Para empezar, y por quedarnos con lo más obvio ¿son esas las gafas de sol de un "facha" de los de toda la vida? No señor. Hace tiempo que colgó las ray-ban de pera verde botella. Ahora se llevan con montura al aire, cristal tostado, líneas redondeadas que se adaptan a las facciones... El pecho palomo clásico luciría, como es preceptivo, una buena mata de pelo recio y vigoroso, desafiante. Pero don Luis, que así se llama, lleva meses depilándoselo. Por no hablar del moreno, de una uniformidad y brillo tales que sólo pueden ser fruto de la acertada aplicación de las Tan Towelettes de Estée Lauder. Ya empiezan a abrírseles los ojos ¿verdad?
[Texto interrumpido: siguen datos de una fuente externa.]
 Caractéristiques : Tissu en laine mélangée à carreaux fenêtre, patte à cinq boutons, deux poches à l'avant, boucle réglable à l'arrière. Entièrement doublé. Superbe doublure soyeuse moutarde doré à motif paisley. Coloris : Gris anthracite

¿Y los tatuajes? ¿"Amor de madre"? ¿El yugo y las flechas? Por supuesto que no. La imagen no lo muestra pero se tatuó un tribal en la espalda, una letra china en el tobillo y en el brazo lleva escrito "Brooklyn", para tener siempre presente a su hijo José Luis. Es un hombre que se siente cómodo consigo mismo, más desde que hace Pilates, y por eso ya no lleva peluquín, que sería lo suyo. Y no le importa lucir sus sienes plateadas, como Richard Gere. Han pasado años desde que usó por última vez el Grecian 2000.
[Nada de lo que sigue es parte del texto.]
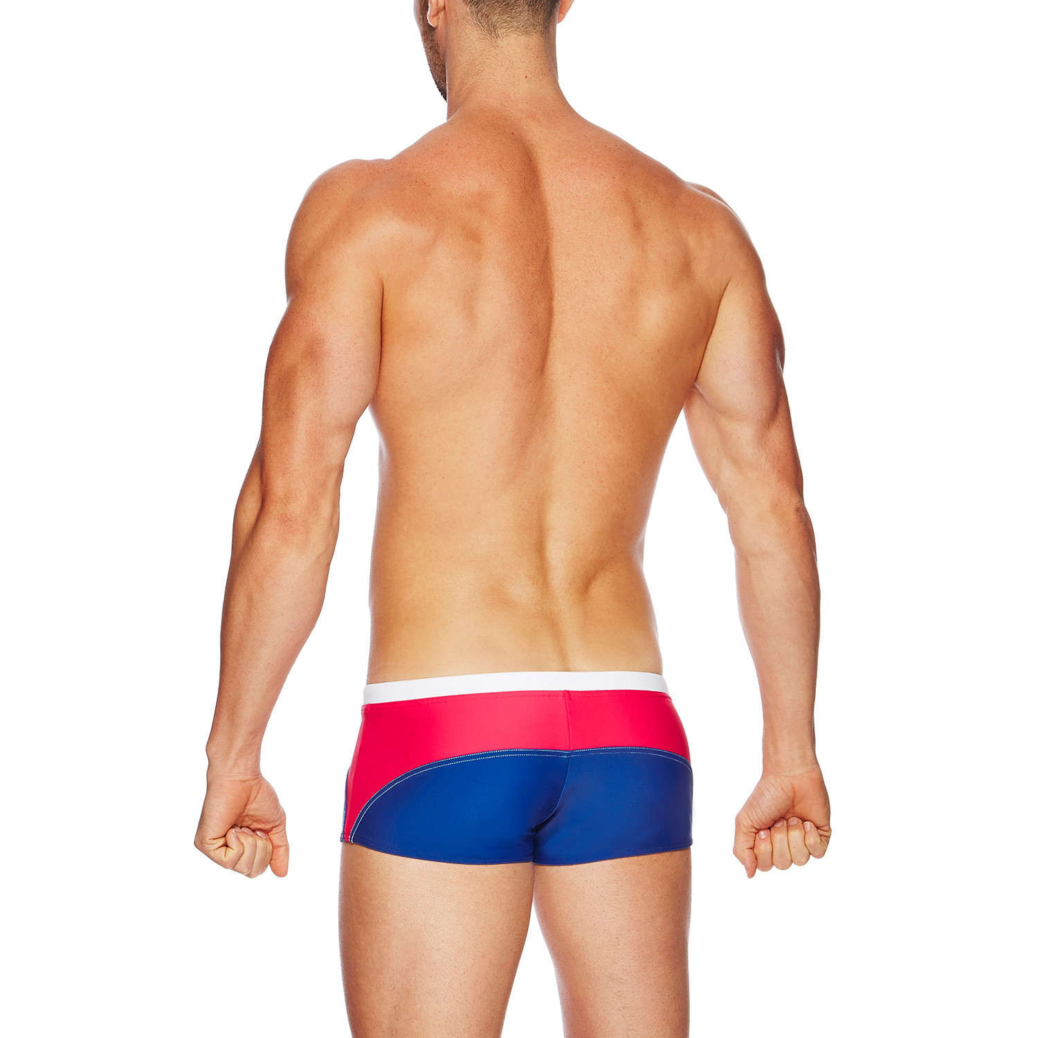 If you're a little bit sporty, a little bit retro, and a whole lot of fun, then this is the swim trunk is just for you. Made of a comfortable, body-defining spandex, these trunks work great as a fun pair of summer shorts you can dunk, swim, and lounge around in. Whether on a boat, on a pool deck, or resting by the shore, these swim briefs have got you covered.

El cinturón, de los que regalan en el McDonalds, a la última, abrochado en un costado en vez de por delante. El de cuero de hebilla gorda ya tan sólo lo saca del cajón cuando la parienta se pone respondona. Además le luce mucho más desde que se operó para quitarse la última costilla, y así alardear de cinturita de avispa. O sino ¿cómo le iban a llegar tan arriba los pantalones? Y si los llevara más caídos asomaría el elástico de los Calvin Klein. Pero no marca paquete, qué vulgaridad, eso ya está pasadísimo. Él, en cambio, se hizo la vasectomía en el año 2000 siguiendo los consejos de su terapeuta balinesa, para empezar el milenio libre de cargas inútiles.

Si le vieron en televisión notarían que calza unas "hawaianas", luce una cruz en pecho como la de Beckham en la espalda y sólo consiguieron arrebatarle el arma porque acababa de ponerse la exfoliante y aún tenía la crema fresca en las manos ¡Lo que hubiéramos dado algunos por estar allí, oliendo su aftershave de Kenzo!
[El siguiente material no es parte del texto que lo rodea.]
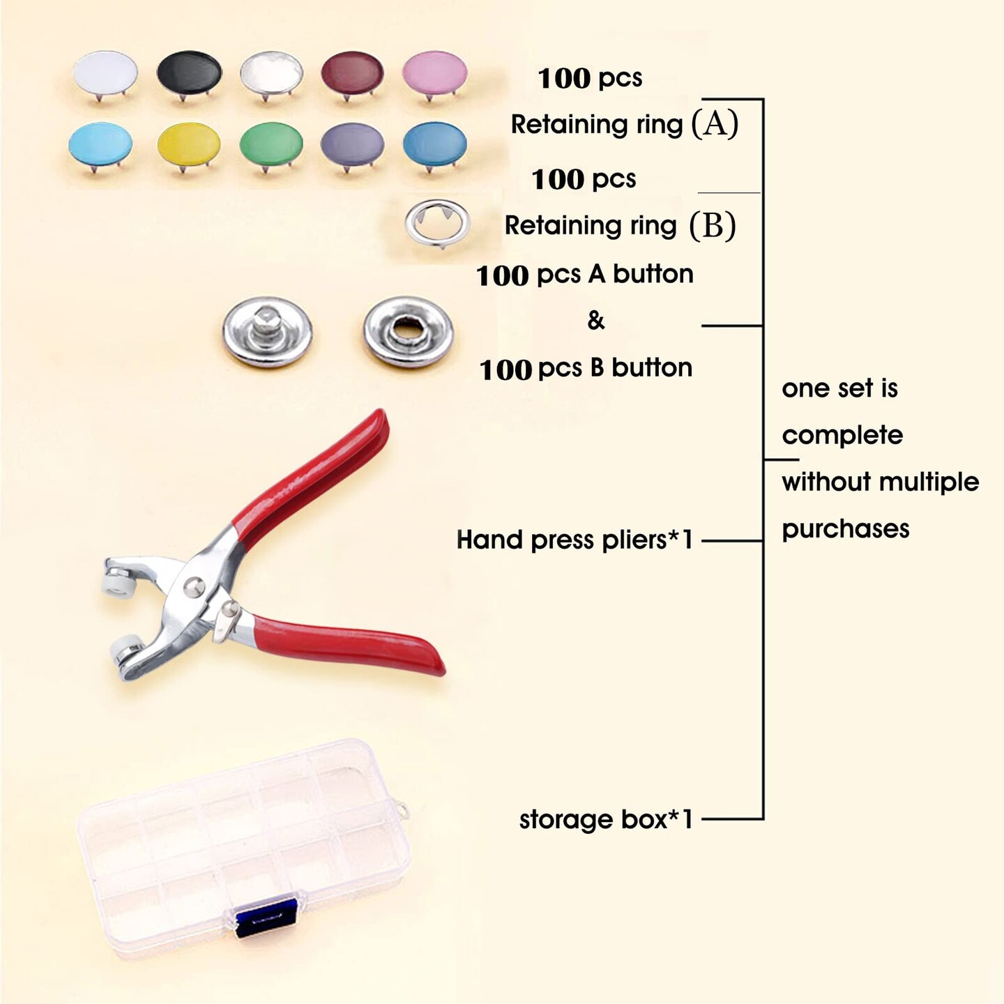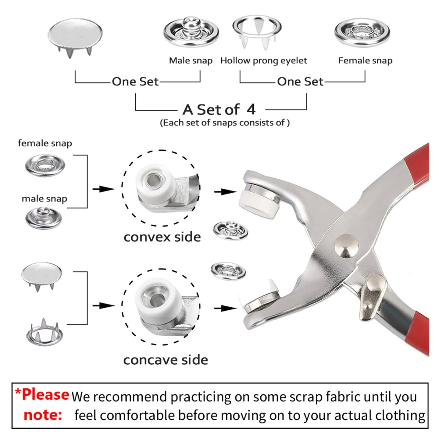 100 Sets Metal Snaps Buttons with Fastener Pliers Press Tool Kit Perfect for DIY Crafts Clothes Hats and Sewing, Snap Button Fasteners Kit for Clothing Sewing (9.5mm / 400 PCS)

Como siempre, la gente y los medios prefirieron coger el rábano por las hojas y dedicarse a los juicios paralelos antes de informarse con exactitud. Realmente nos hace falta una visita del Papa Benedetto ("vamos a jugar al teto"), para que combata el relativismo en este país, que tanto deforma en nuestras torcidas mentes la realidad que perciben nuestros ojos.